━━ RAW DATA

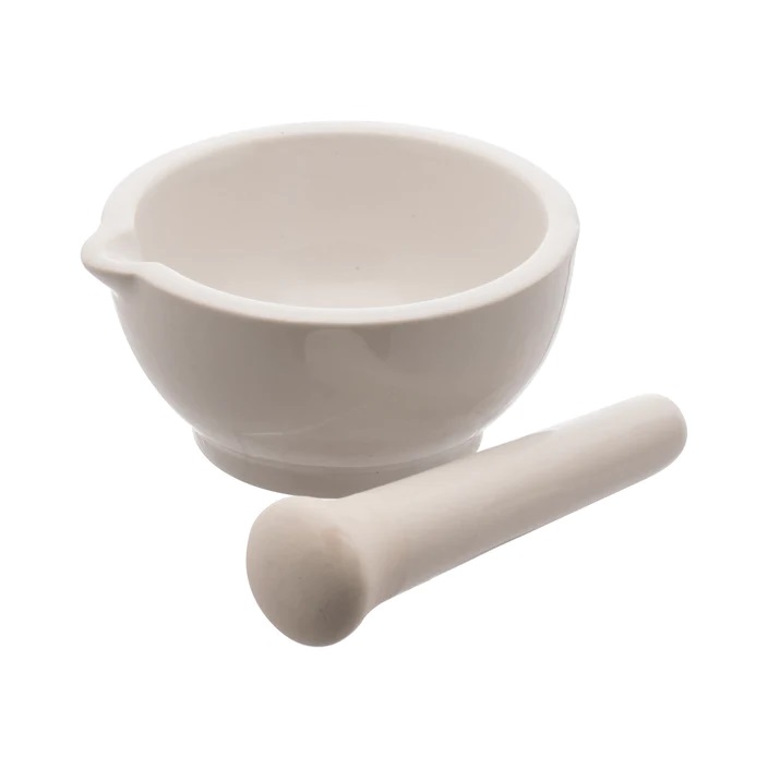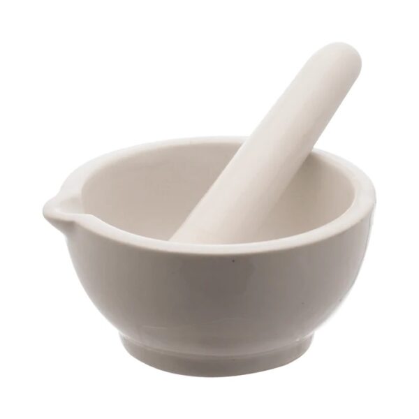 Mortar and pestle, made of porcelain. Glazed surface on the inside and outside. Outer diameter measures 125mm.
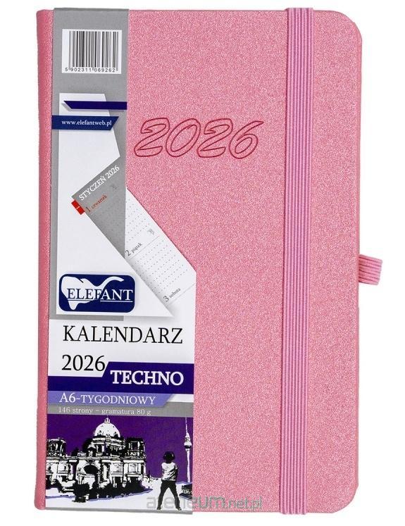 Kalendarz 2026 A6 tygodniowy Techno różowy
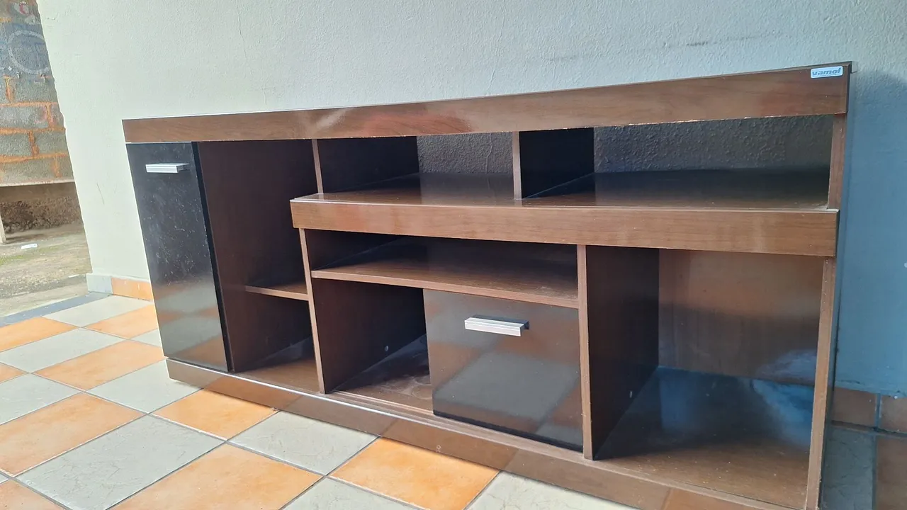 Apresentamos este rack em ótimo estado, ideal para organizar sua sala com elegância e funcionalidade. Design moderno e espaçoso para acomodar sua TV e outros aparelhos.
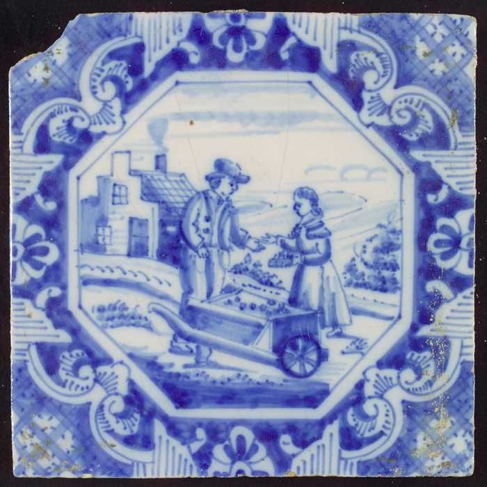 Tafereeltegel, landschap, man en vrouw met kruiwagen...
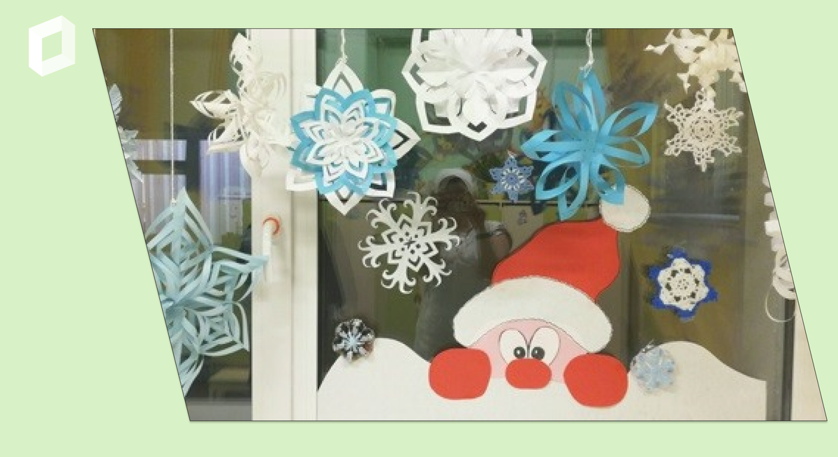 Объемные силуэты из бумаги. Они дополнят традиционные бумажные снежинки и кружочки, которые педагоги часто используют для эффекта снегопада. Объемные силуэты и фигурки можно раскроить за пару минут, а потом закрепить их на окне. Важно при этом соблюдать меру: нельзя заклеивать стекло целиком, чтобы не препятствовать естественному свету. Иначе вы нарушите СанПиН.

━━━━

EXERCISE GOAL: Omitting all pictures, retype exactly the lines from the line containing "Kalendarz 2026 A6 tygodniowy Techno różowy" down to the last line above, both ends included.

SOLUTION:
 Kalendarz 2026 A6 tygodniowy Techno różowy
 Apresentamos este rack em ótimo estado, ideal para organizar sua sala com elegância e funcionalidade. Design moderno e espaçoso para acomodar sua TV e outros aparelhos.
 Tafereeltegel, landschap, man en vrouw met kruiwagen...
 Объемные силуэты из бумаги. Они дополнят традиционные бумажные снежинки и кружочки, которые педагоги часто используют для эффекта снегопада. Объемные силуэты и фигурки можно раскроить за пару минут, а потом закрепить их на окне. Важно при этом соблюдать меру: нельзя заклеивать стекло целиком, чтобы не препятствовать естественному свету. Иначе вы нарушите СанПиН.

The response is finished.